[Data extracts — start]

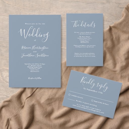 ミニマルScript Dusty Blue Wedding RSVPカード
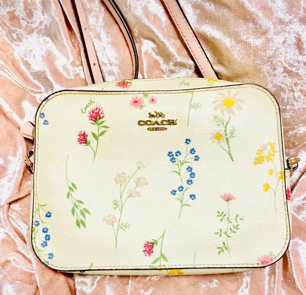 The Coach Canvas Crossbody Bag in White with a Floral Print is a stylish and trendy accessory for wo... Show more
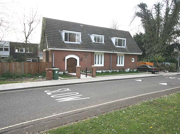 The newly completed 'conversion' of the station building into a house in December 1973. The ecclesiastical style of entrance has been retained although the doors are assumed to be replacements. The stone window frames and the unusual quatrefoil window have also been retained; all of the brickwork is new. The sign top the right of the building indicates that the house is for sale. At that time the new house was sold for £16,500. The new owner did not stay there long. In 1978 two garages were converted into bedrooms and the station building was once again for sale with an
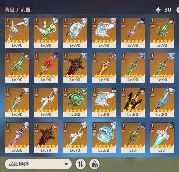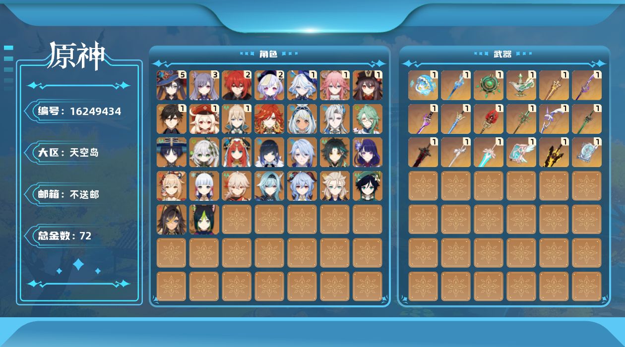 [16249434]60级/72黄/男主/30个五星角色/24个五星武器
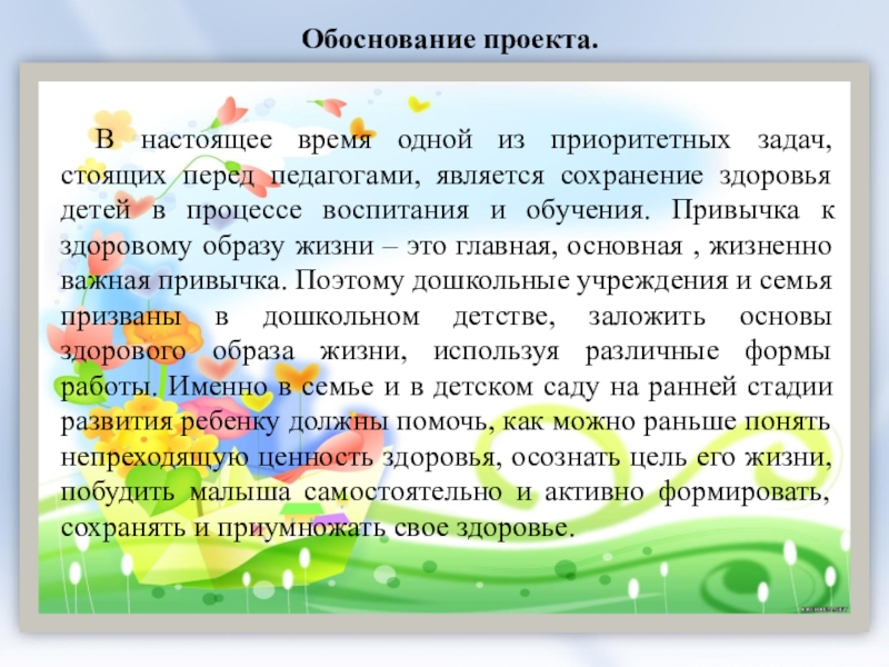 является сохранение здоровья детей в процессе воспитания и обучения. Привычка к здоровому образу жизни – это главная, основная , жизненно важная привычка. Поэтому дошкольные учреждения и семья призваны в дошкольном детстве, заложить основы здорового образа жизни, используя различные формы работы. Именно в семье и в детском саду на ранней стадии развития ребенку должны помочь, как можно раньше понять непреходящую ценность здоровья, осознать цель его жизни, побудить малыша самостоятельно и активно формировать, сохранять и приумножать свое здоровье.
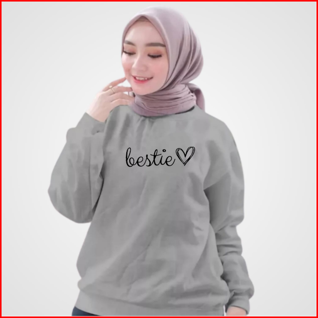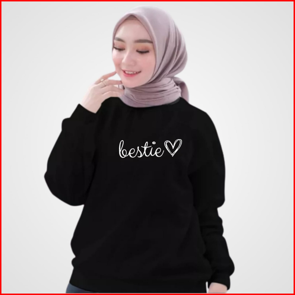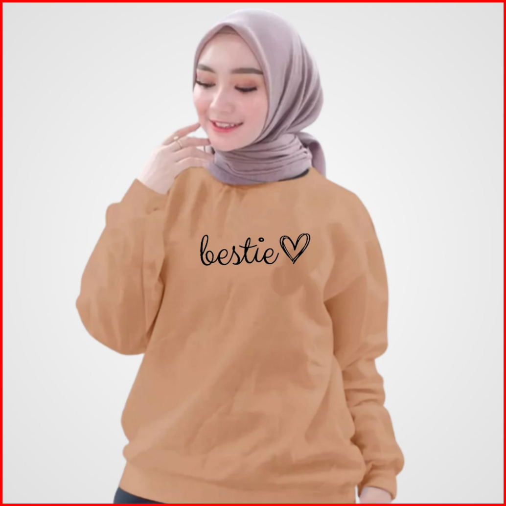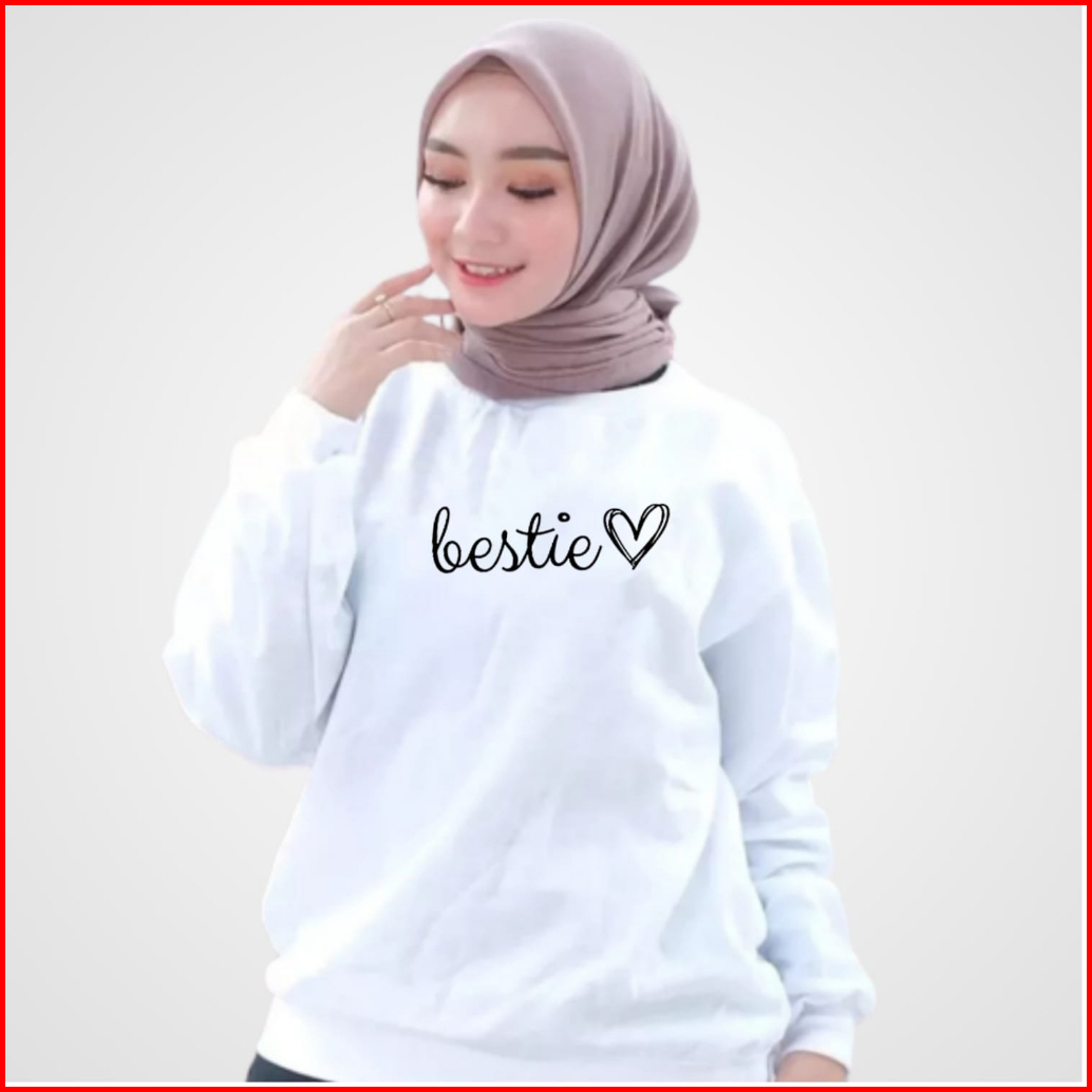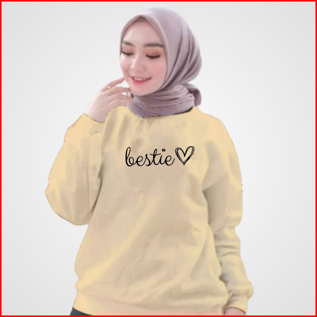 Kaos Wanita Lengan Panjang Tulisan Bestie Bahan Babyterry Premium
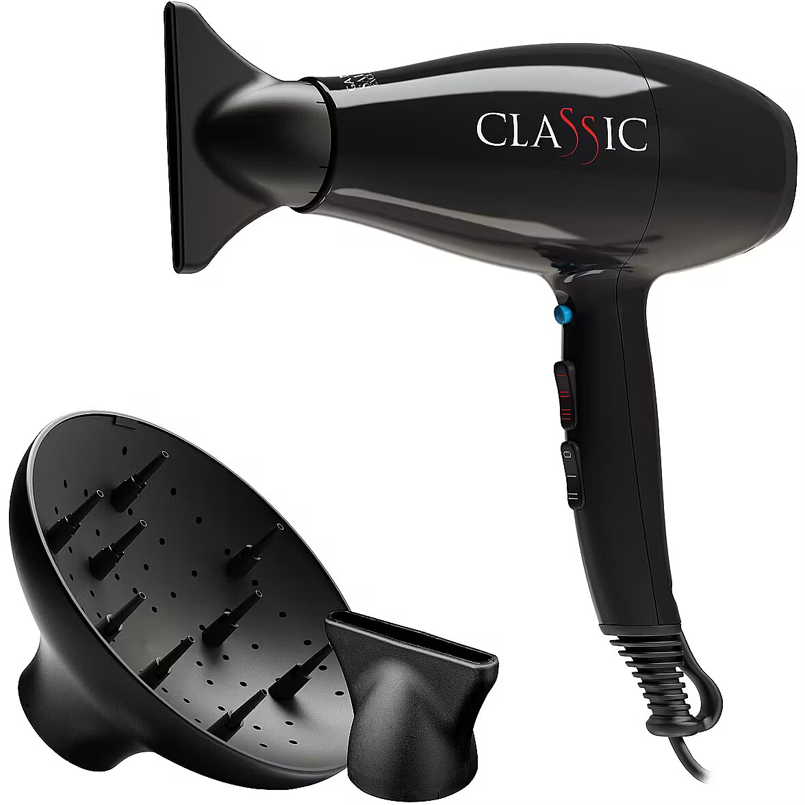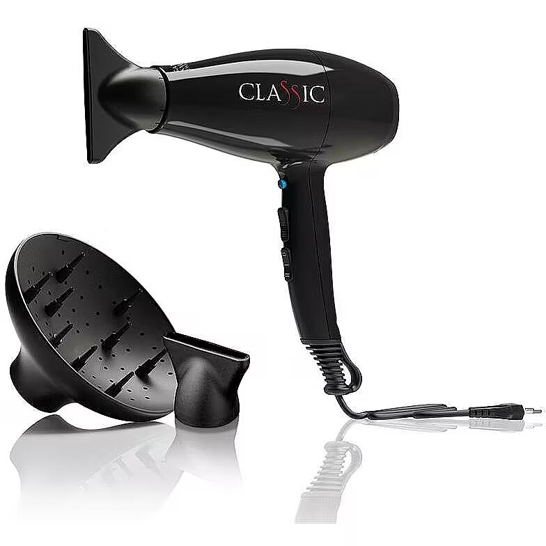 LongDesc - A light and potent professional hairdryer, with a long-lasting 2200 W AC motor and ceramic coated internal components that protect your hair from heat damage and emit frizz-fighting negative irons, for healthy, shiny hair.HAIR DRYER CLASSICClassic is a light and silent hair dryer, available in 3 colors: white, black and green. Its particular shape and design make it an extremely silent hair dryer without compromising its performance. It is indeed a powerful hair dryer with 2200 W and is equipped with an AC motor, which makes it the latest generation device, reliable and able to last more than 2000 hours of work. It is equipped with a diffuser, perfect for creating waves and curls in a completely natural way, and two professional 4- and 8-mm nozzles, the first for a particularly precise airflow, the second for ultra-fast drying with a more diffused heat. Classic features 2 speeds and 3 temperatures that you can combine to find the right degree of heat for you and the cool shot button, which is the cold air shot needed to fix the styling for a long time. The shape and size of this hair dryer allow great handling and do not strain your arms when using it.
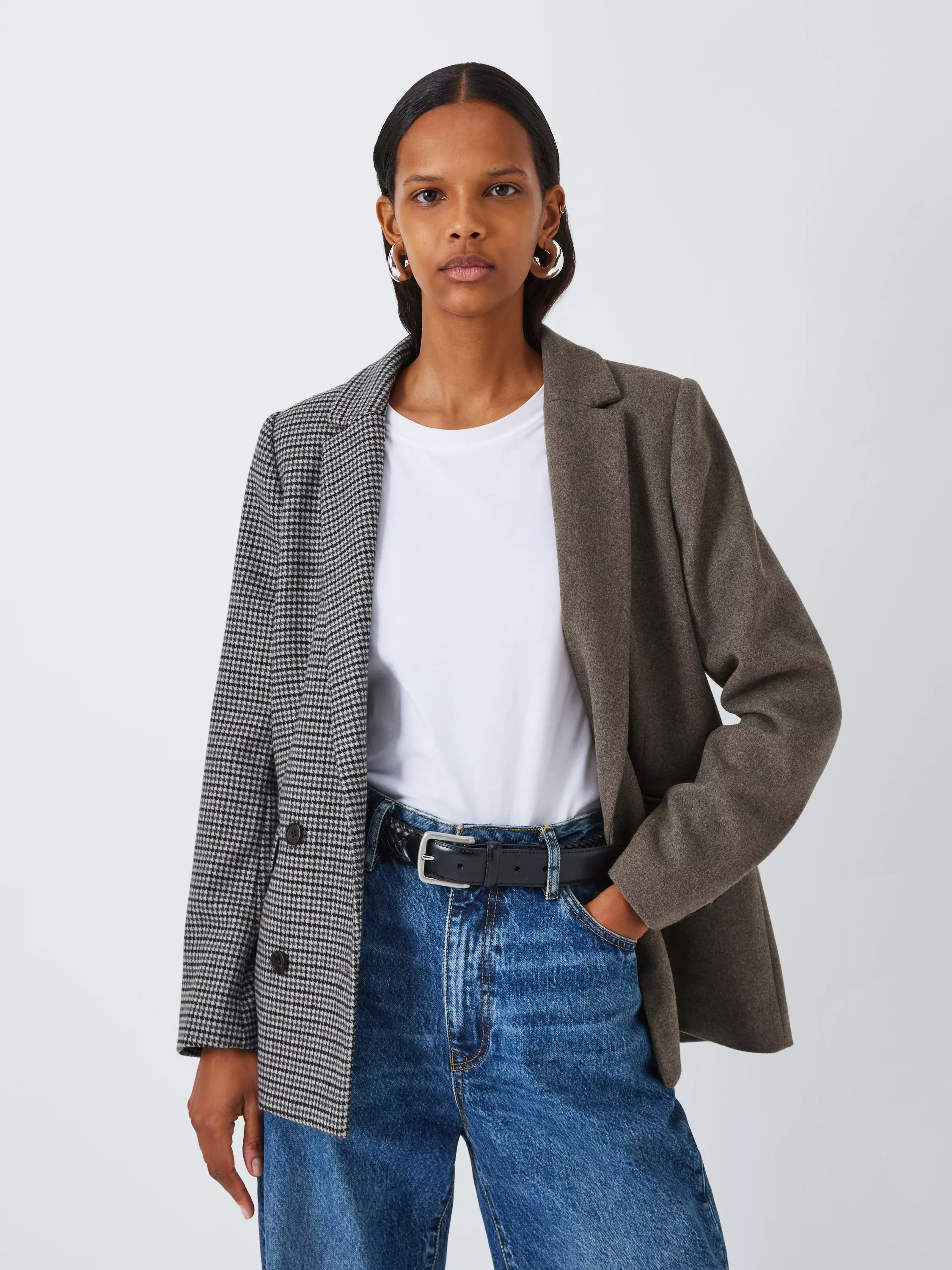 Tailored to perfection, this menswear inspired blazer will take your style to the next level. Made from a wool blend, this double-breasted check blazer jacket features faux horn buttons, notched lapels and functional flap pockets.

[Data extracts — finish]

● **Exercise description**:
The answer should contain all the material above, copied exactly, and no images.

● **Answer for this exercise**:
 ミニマルScript Dusty Blue Wedding RSVPカード
 The Coach Canvas Crossbody Bag in White with a Floral Print is a stylish and trendy accessory for wo... Show more
 The newly completed 'conversion' of the station building into a house in December 1973. The ecclesiastical style of entrance has been retained although the doors are assumed to be replacements. The stone window frames and the unusual quatrefoil window have also been retained; all of the brickwork is new. The sign top the right of the building indicates that the house is for sale. At that time the new house was sold for £16,500. The new owner did not stay there long. In 1978 two garages were converted into bedrooms and the station building was once again for sale with an
 [16249434]60级/72黄/男主/30个五星角色/24个五星武器
 является сохранение здоровья детей в процессе воспитания и обучения. Привычка к здоровому образу жизни – это главная, основная , жизненно важная привычка. Поэтому дошкольные учреждения и семья призваны в дошкольном детстве, заложить основы здорового образа жизни, используя различные формы работы. Именно в семье и в детском саду на ранней стадии развития ребенку должны помочь, как можно раньше понять непреходящую ценность здоровья, осознать цель его жизни, побудить малыша самостоятельно и активно формировать, сохранять и приумножать свое здоровье.
 Kaos Wanita Lengan Panjang Tulisan Bestie Bahan Babyterry Premium
 LongDesc - A light and potent professional hairdryer, with a long-lasting 2200 W AC motor and ceramic coated internal components that protect your hair from heat damage and emit frizz-fighting negative irons, for healthy, shiny hair.HAIR DRYER CLASSICClassic is a light and silent hair dryer, available in 3 colors: white, black and green. Its particular shape and design make it an extremely silent hair dryer without compromising its performance. It is indeed a powerful hair dryer with 2200 W and is equipped with an AC motor, which makes it the latest generation device, reliable and able to last more than 2000 hours of work. It is equipped with a diffuser, perfect for creating waves and curls in a completely natural way, and two professional 4- and 8-mm nozzles, the first for a particularly precise airflow, the second for ultra-fast drying with a more diffused heat. Classic features 2 speeds and 3 temperatures that you can combine to find the right degree of heat for you and the cool shot button, which is the cold air shot needed to fix the styling for a long time. The shape and size of this hair dryer allow great handling and do not strain your arms when using it.
 Tailored to perfection, this menswear inspired blazer will take your style to the next level. Made from a wool blend, this double-breasted check blazer jacket features faux horn buttons, notched lapels and functional flap pockets.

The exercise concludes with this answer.